"""
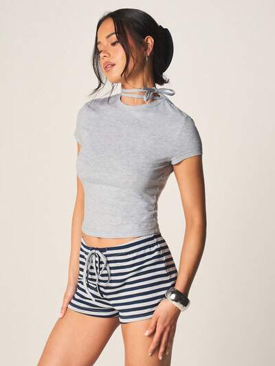 MISSGUIDED Camiseta cruzada con lazo en el cuello y largo corto
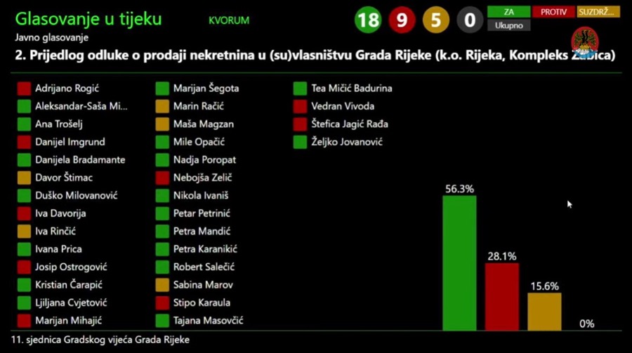 Gradsko vijeće Grada Rijeke je prvo glasalo o prijedlogu vijećnika Davora Štimca o odgodi donošenja Odluke o prodaji, koju nije prihvatilo, a zatim većinom glasova prihvatilo 85 milijuna kuna vrijednu ponudu tvrtke Best in Parking – razvoj za kupnju nekretnina radi izgradnje višenamjenske građevine “Kompleks Žabica”.
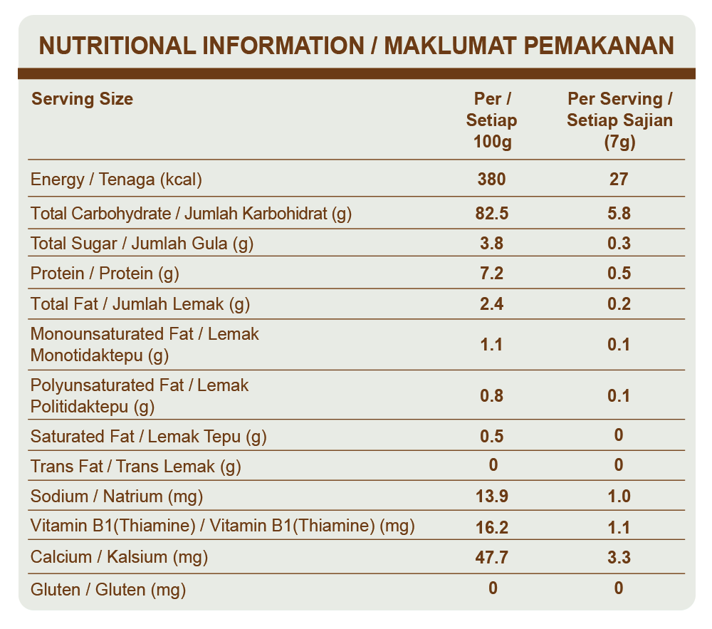 Organic Japonica White Rice (62.69%), Organic Japonica Brown Rice (24.18%), Organic Apple Juice Concentrate (7.46%), Natrual Pearl Black Rice (2.69%), Organic Kale Powder (2.39%), Spinach Powder (0.60%), Vitamin B1 (0.001%)
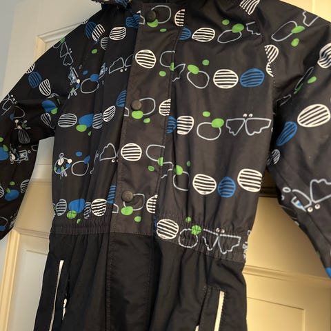 Pent brukt. Jakke så si ny. Buksen brukt litt mer, et lite sår på det ene kneet.
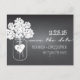 Une jolie jarre Mason pleine d'hydrangeas blancs décore cette jolie carte postale d'annonce de mariage en ardoise.
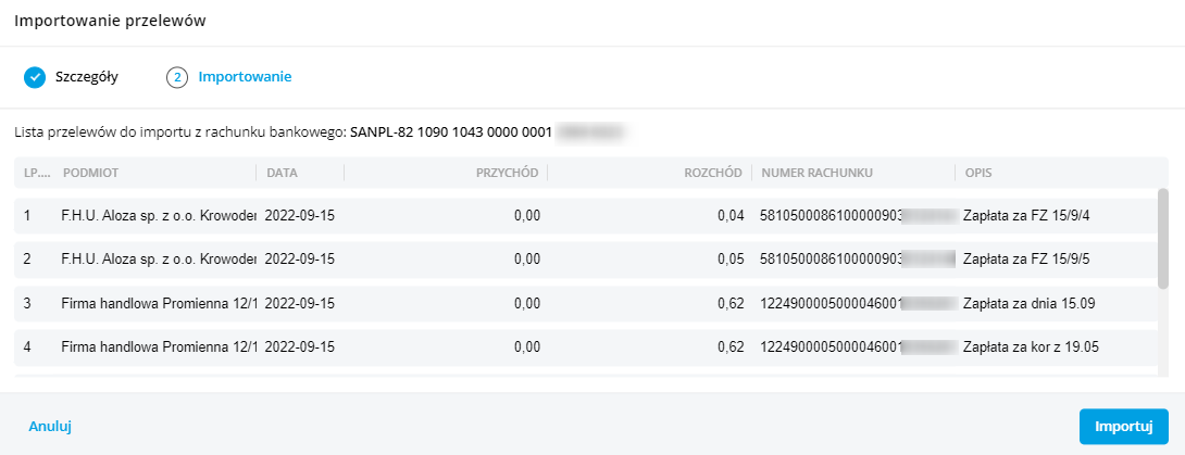 Wybór przycisku Importuj powoduje zapisanie przelewów na liście zapisów kasowych/bankowych. Aby przelewy zaimportowały się poprawnie, w programie musi być otwarty raport bankowy na dzień przelewu. Dodatkowo program sprawdza czy taki przelew nie został już wcześniej zaimportowany. Po wybraniu przycisku Anuluj import przelewów zostanie przerwany, a okno importu zostanie zamknięte. Przycisk Powrót przenosi widok Użytkownika na poprzednie okno konfiguracji importu.
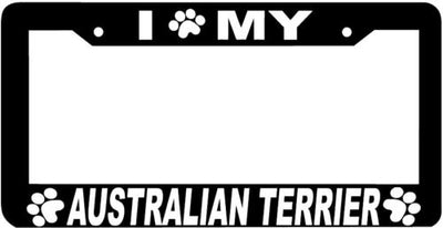 Australian Terrier Dog paw print License Plate Frame Plastic License Plate Frame Polystyrene plastic with vinyl graphics. Strong with tabs on the back to secure your plate to the frame. This is a buy it now for the frame pictured It is designed to fit a US/CANADA license plate.
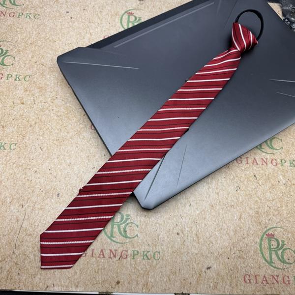 ✨Cà vạt nam mẫu thắt sẵn dây kéo bản nhỏ 6cm mẫu đỏ kẻ trắng đen
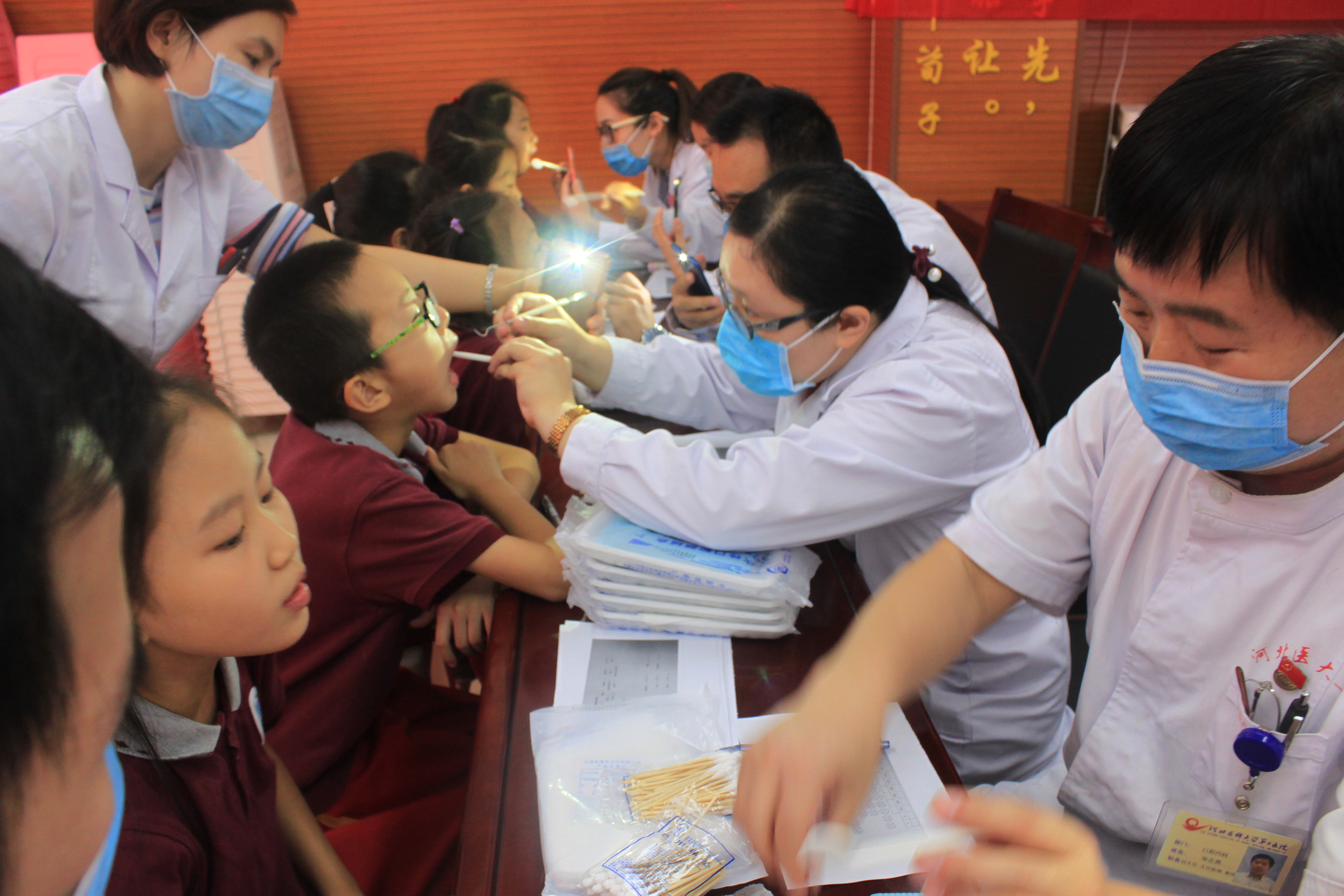 口腔内科张美娟和程冬梅分别,以本次爱牙日的主题“口腔健康,全身健康”,“护健康口腔、助健康体魄、享健康生活”为切入点,向广大学生详细讲解了日常口腔健康的维护方法和基本常识,帮助学生们提高口腔健康意识,建立自我口腔健康行为,营造利于口腔健康的良好环境。随后,大家拿出自备的口腔检查器械对在场的学生逐一进行口腔检查,并填写口腔检查问题表,让学生们了解自己的口腔问题,并给予了指导意见,提高了同学们的爱牙护牙意识。本次口腔保健宣教活动经过大家积极参与,认真筹备,取得了完满成功,达到了预期的效果。
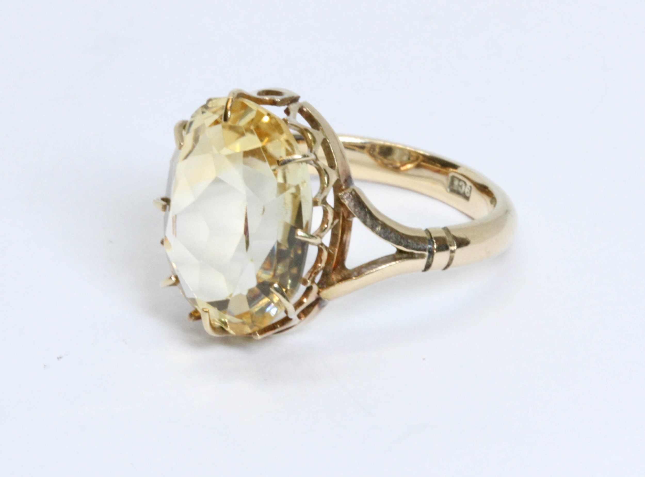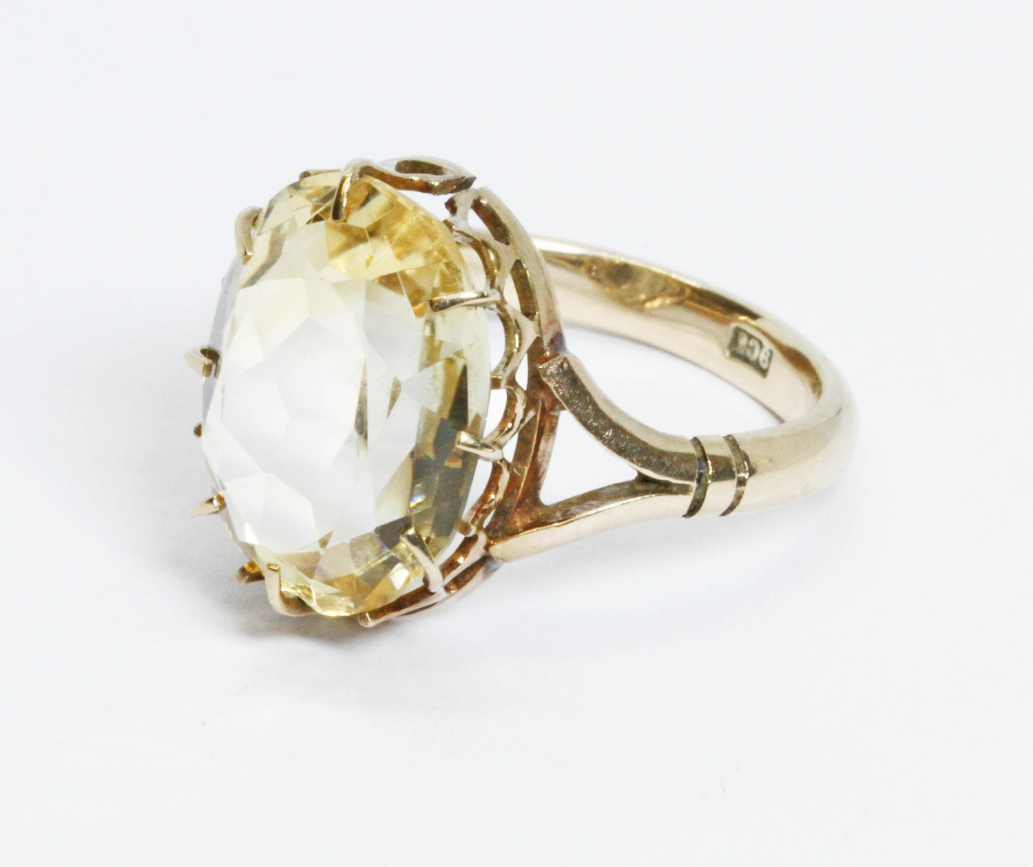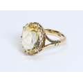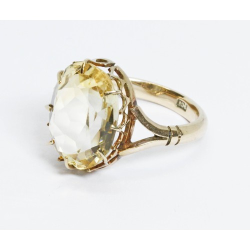 A citrine ring, the oval mixed cut stone weighing approximately 7ct, band marked '9ct', gross weight 4.9g, size O.
"""
** DESCRIPTION OF THE TASK **
Write out exactly the lines from the one that contains "Australian Terrier Dog" through the last line of the data above, both included. Leave every picture out.

** SOLUTION **
 Australian Terrier Dog paw print License Plate Frame Plastic License Plate Frame Polystyrene plastic with vinyl graphics. Strong with tabs on the back to secure your plate to the frame. This is a buy it now for the frame pictured It is designed to fit a US/CANADA license plate.
 ✨Cà vạt nam mẫu thắt sẵn dây kéo bản nhỏ 6cm mẫu đỏ kẻ trắng đen
 口腔内科张美娟和程冬梅分别,以本次爱牙日的主题“口腔健康,全身健康”,“护健康口腔、助健康体魄、享健康生活”为切入点,向广大学生详细讲解了日常口腔健康的维护方法和基本常识,帮助学生们提高口腔健康意识,建立自我口腔健康行为,营造利于口腔健康的良好环境。随后,大家拿出自备的口腔检查器械对在场的学生逐一进行口腔检查,并填写口腔检查问题表,让学生们了解自己的口腔问题,并给予了指导意见,提高了同学们的爱牙护牙意识。本次口腔保健宣教活动经过大家积极参与,认真筹备,取得了完满成功,达到了预期的效果。
 A citrine ring, the oval mixed cut stone weighing approximately 7ct, band marked '9ct', gross weight 4.9g, size O.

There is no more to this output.